BT HH5A and 18.06.0 - Network and firewall configuration

Hi, I have installed 18.06.0 on a BT HH5A, which was moderately painless. However, I cannot make it connect to the VDSL. I have BT's "professional" broadband, and a block of 8 (or 5) static IPs.

BT's Professional broadband means you have a dedicated name and password for the PPP.

With 17.04, I had to create ptm0.101 and configured that. It worked - it is still working, but I accidentally locked out my ssh access with the firewall. (It is a different HH5A).

With 18.06.0, I get "USER_ERROR" (Sometimes, often nothing) If I don't configure the ptm0.101, then it does not work.

Also, I find it very hard to understand the firewall. I can follow the instructions if they do what I want, but they mostly don't. Without understanding, I can't make reasonable guesses. I have a DMZ with my servers on the yellow sockets (labelled LAN to confuse) and all my LAN on the red socket labelled "WAN" or wireless. I want stuff from the WAN (ie DSL) to go strait to the servers (DMZ) if they are in my static IP block, unmolested, and stuff from LAN to go to the WAN or DMZ as appropriate, but NATted. Stuff from the servers goes out to DSL, but not to the LAN (unless it is a reply to a request via NAT).

There appear to be various places where you set INPUT, OUTPUT or FORWARD, but I am not sure how they are handled, nor where I should tick the NAT box, and where not.

OpenWRT 18.06 uses a different ifname. ie. change ptm0.101 to dsl0.101 and it should hopefully solve your VDSL connectivity problem.

Thanks. Yes, this fixed the WAN issue on my BT HH5A. I now have a different problem:
I have a DMZ with servers on it (using some of the GBE ports). The servers sit in a block of public IP addresses. I have configured the firewall to the best of my understanding.

  • The outside world can access my servers.

  • AFAICT, the servers can access the outside world (which is needed)

  • The LAN can access the outside world.

  • To my enormous embarasment, the LAN can't access the servers.

I am using LuCI to configure. I have input, output and forwarding all accept, everywhere,
and masking and MSS clamping enabled on LAN to (WAN and DMZ).

Please help me!

Incidentally, I have three HH5As and two HH5Bs. All of them flake out if the ambient temperature reaches 30C, and some of them if it reaches 25C. I believe this does not happen if you disable the wirelesses, but have not done proper scientific tests.

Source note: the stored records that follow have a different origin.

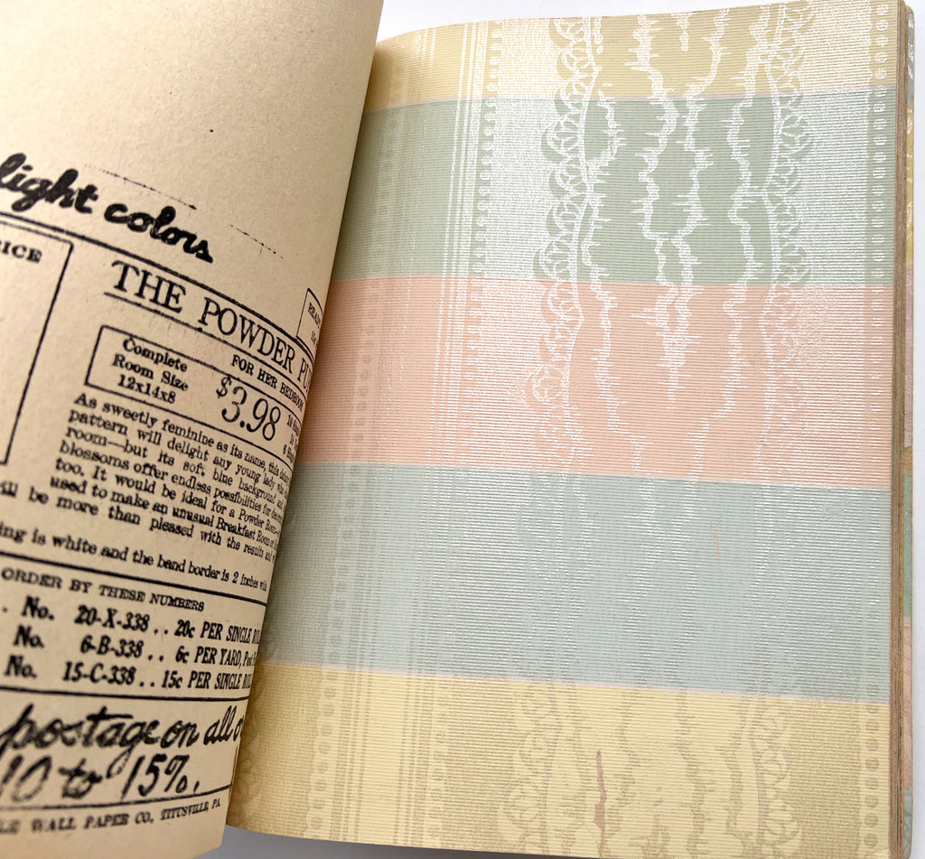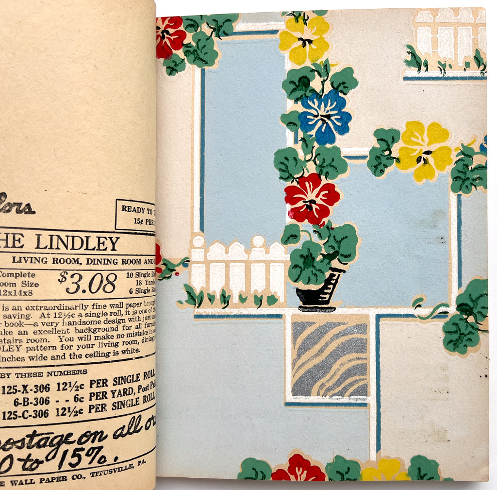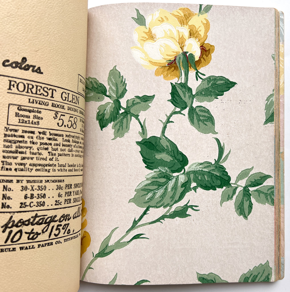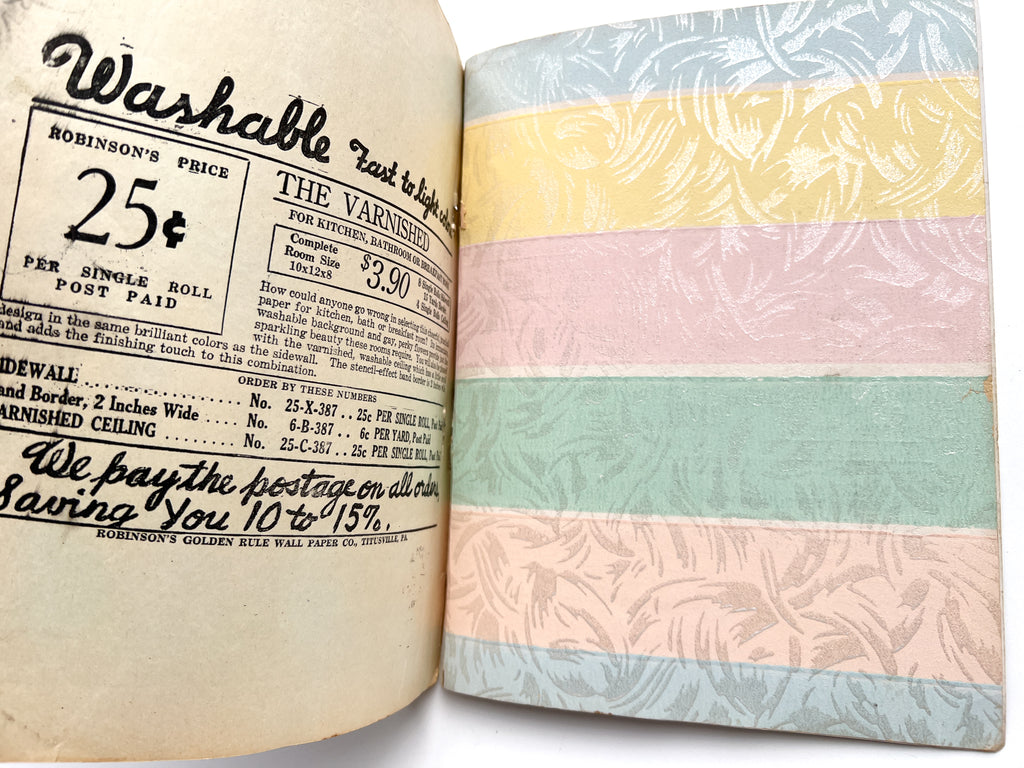 Quarto in color printed wraps. (4)p text followed by 68 full leaves of wallpaper samples. Heavy soil and wear to wraps, including losses at both spine ends. Despite exterior wear, contents are generally bright and fresh with occasional closed tears at the edgess from hasty turning. Great patterns, from classic designs to "conversation" patterns, various textures and finishes.
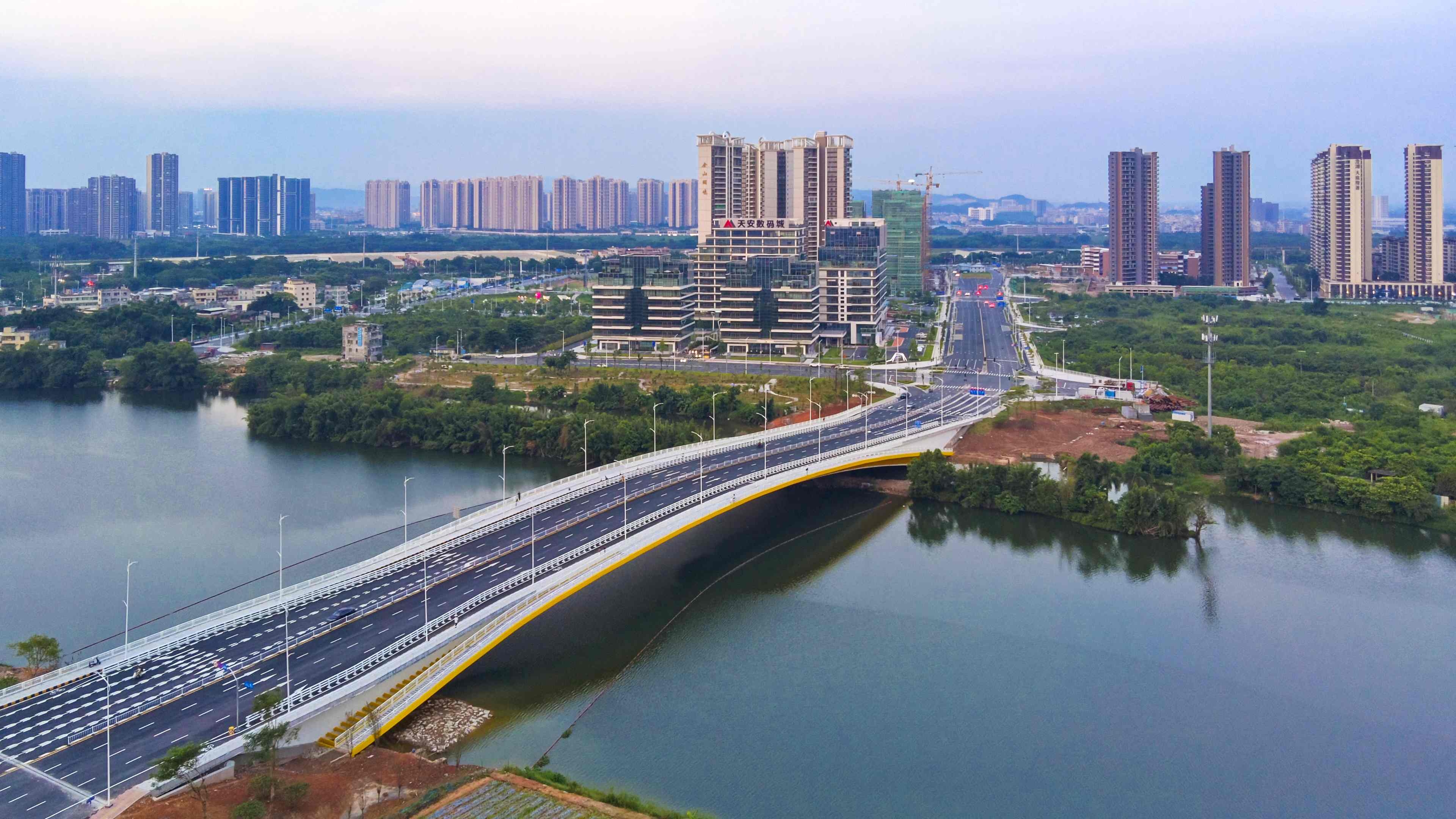 惠城区金山湖二号桥是惠州市重点工程,主桥长273米,引道308米,采用净跨200米的单跨上承式钢箱坦拱设计,于2024年8月建成。
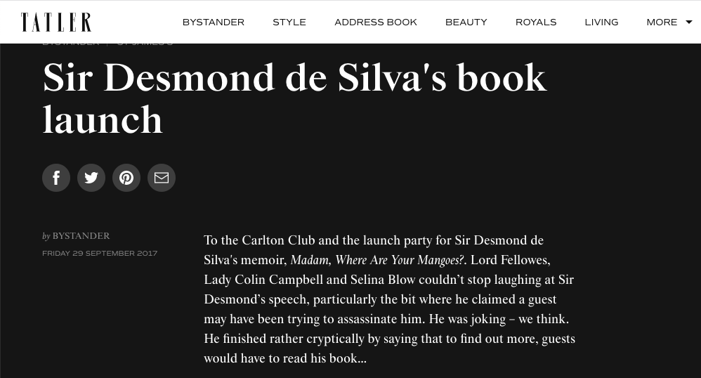 This is how Tatler magazine featured Sir Desmond de Silva’s book launch:
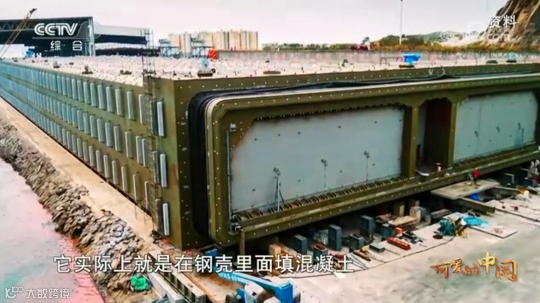 沉管隧道一个标准管节长165米(相当于55层楼)、宽46米(相当于15层楼)、高10.6米,有2255个隔仓,需要填充2.9万立方米的混凝土(足以灌满12个标准游泳池),排水量达到了8万吨(相当于一艘中型航母的体量),大体量混凝土填充密实性是世界性难题。

I originally thought this was BT's flakey firmware. There is no evidence that their firmware is not flakey, but the hardware is definitely best kept in a cool place, not a cupboard full of servers.

Masqurade and MSS clamping on WAN only.
Allow Forwarding from LAN to DMZ to fix the problem.

But surely the servers need masquerading to see the LAN as having the spoofed (Router's) address, and not their LAN addresses?

Not necessary.It can work with native routing, with or without SNAT.

So I use the firewall on the HH5A to block input on 192.168/16 to all, and allow input on 192.168/16 on the servers? (I would not normally do that).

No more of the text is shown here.